Massoud, then aged 48, was the target of an assassination plot in Khwājah Bahā ud Dīn (Khvājeh Bahāuḏḏīn), Takhar Province in northeastern Afghanistan on September 9, 2001. The attackers' names were alternately given as Dahmane Abd al-Sattar, husband of Malika El Aroud, and Bouraoui el-Ouaer; or 34-year-old Karim Touzani and 26-year-old Kacem Bakkali.

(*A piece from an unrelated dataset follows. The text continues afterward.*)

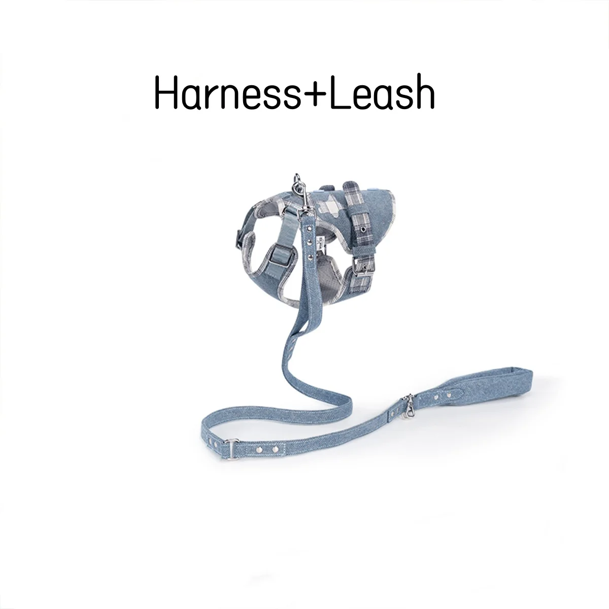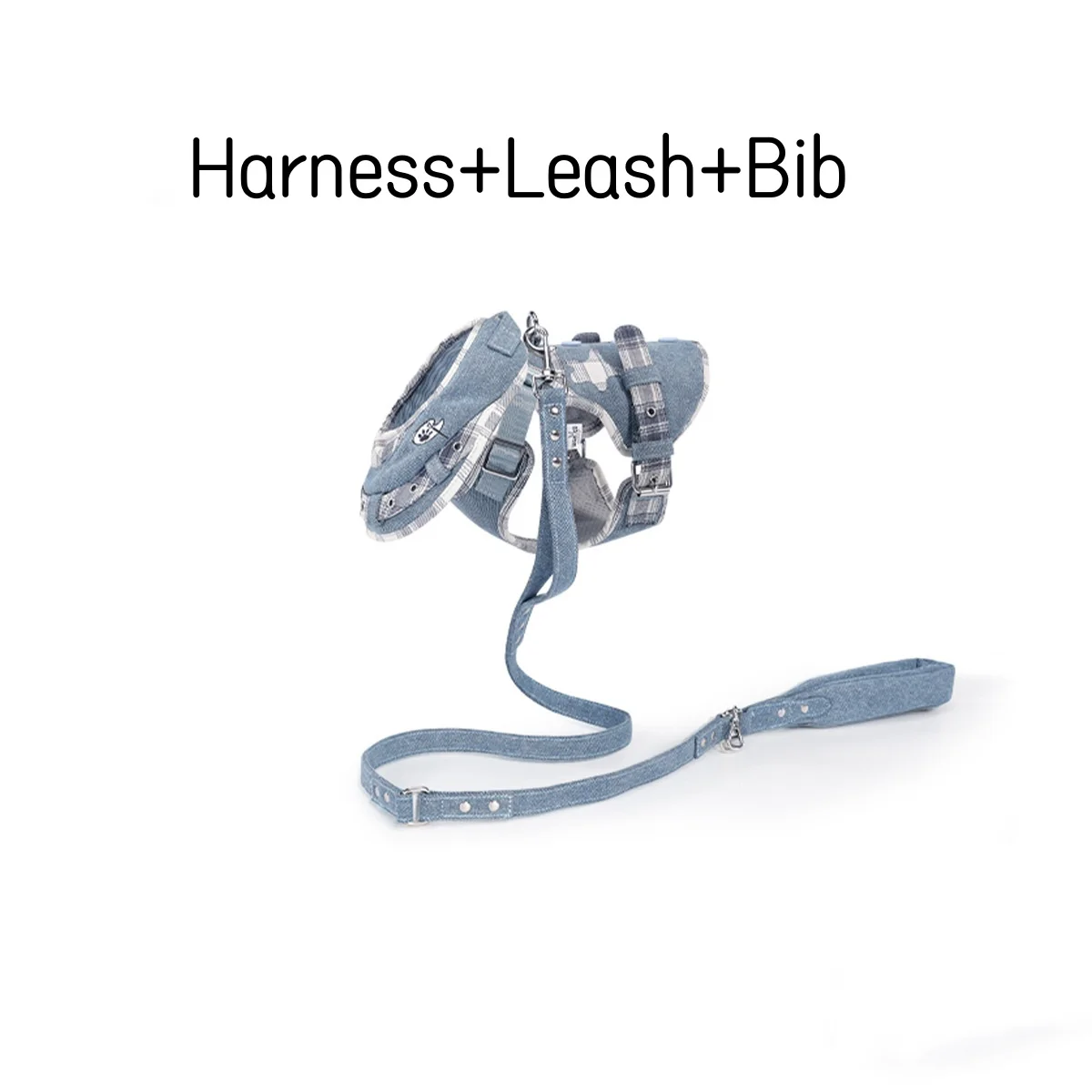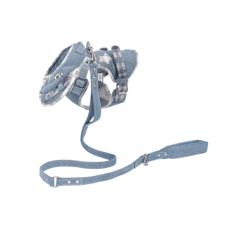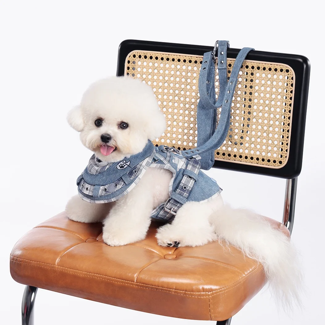 Arnés de perro de lujo Jean No Pull, conjunto de babero, chaleco, arnés para perro, correa con mango acolchado para perros pequeños, correa para caminar al aire libre para mascotas

The attackers claimed to be Belgians originally from Morocco. According to Le Monde they transited through the municipality of Molenbeek. Their passports turned out to be stolen and their nationality was later determined to be Tunisian. Waiting for almost three weeks (during which they also interviewed Burhanuddin Rabbani and Abdul Rasul Sayyaf) for an interview opportunity, on September 8, 2001, an aide to Massoud recalls the would-be suicide attackers "were so worried" and threatened to leave if the interview did not happen in the next 24 hours (until September 10, 2001). They were finally granted an interview. During the interview, they set off a bomb composed of explosives hidden in the camera and in a battery-pack belt. Massoud died in a helicopter that was taking him to an Indian military field hospital at Farkhor in nearby Tajikistan. He was pronounced dead in or near Dushanbe, Tajikistan. The explosion also killed Mohammed Asim Suhail, a United Front official, while Muhammad Fahim Dashti and Massoud Khalili were injured. One of the suicide attackers, Bouraoui, was killed by the explosion, while Dahmane Abd al-Sattar was captured and shot while trying to escape.

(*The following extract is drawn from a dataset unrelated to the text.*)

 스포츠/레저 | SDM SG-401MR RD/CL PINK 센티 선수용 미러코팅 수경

Despite initial denials by the United Front, news of Massoud's death was reported almost immediately, appearing on the BBC, and in European and North American newspapers on September 10, 2001. On September 16, the United Front officially announced that Massoud had died of injuries in the suicide attack. Massoud was buried in his home village of Bazarak in the Panjshir Valley. The funeral, although in a remote rural area, was attended by hundreds of thousands of people.

Massoud had survived a number of assassination attempts over a period of 26 years, including attempts made by al-Qaeda, the Taliban, the Soviet KGB, the Afghan communist KHAD and Hekmatyar. The first attempt on Massoud's life was supposedly carried out by Hekmatyar and two Pakistani ISI agents in 1975 when Massoud was 22 years old. In early 2001, al-Qaeda would-be assassins were captured by Massoud's forces while trying to enter his territory.

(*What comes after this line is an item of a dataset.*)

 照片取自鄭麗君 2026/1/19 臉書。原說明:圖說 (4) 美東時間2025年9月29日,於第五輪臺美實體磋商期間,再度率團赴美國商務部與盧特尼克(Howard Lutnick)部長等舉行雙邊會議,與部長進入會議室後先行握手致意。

=== Connection to the September 11 attacks ===
The assassination of Massoud is considered to have a strong connection to the September 11 attacks in 2001 on U.S. soil, which killed nearly 3,000 people. It appeared to have been the major terrorist attack which Massoud had warned against in his speech to the European Parliament several months earlier. Al-Qaeda's motive for the assassination is believed to have been to secure the Taliban's support of Osama bin Laden after the planned attacks. By eliminating Massoud, it was expected that the remaining anti-Taliban forces in Afghanistan would collapse, allowing the Taliban to solidify their control over the country. Bin Laden thought that this, in turn, would make the Taliban indebted to him, and he believed their support would be crucial for his planned war against the United States.

In late 2001, a computer was seized that was stolen from an office used by al-Qaeda immediately after the fall of Kabul in November. This computer was mainly used by Aiman al-Zawahri and contained the letter with the interview request for Massoud. The two assassins had completed military training in training camps in Afghanistan at the end of 2000 and were selected for the suicide mission in the spring or early summer of the following year. The Afghan publicist Waheed Muzhda, who worked for the Taliban in the Foreign Ministry, confirmed the two assassins met with al-Qaeda officials in Kandahar and bin Laden and al-Zawahri saw them off when they left. Following the assassination, bin Laden had an emissary deliver Dahmane Abd al-Sattar's widow a letter with $500 in an envelope to settle a debt. An al-Qaeda magazine in Saudi Arabia later published a biography of Youssef al-Aayyiri, who headed al-Qaeda's operations in Saudi Arabia from 2002, which described al-Qaeda's involvement in Massoud's assassination. Osama bin Laden commissioned the assassination attempt to appease the Taliban because of the imminent terrorist attacks in the US, which would cause serious problems for the Taliban.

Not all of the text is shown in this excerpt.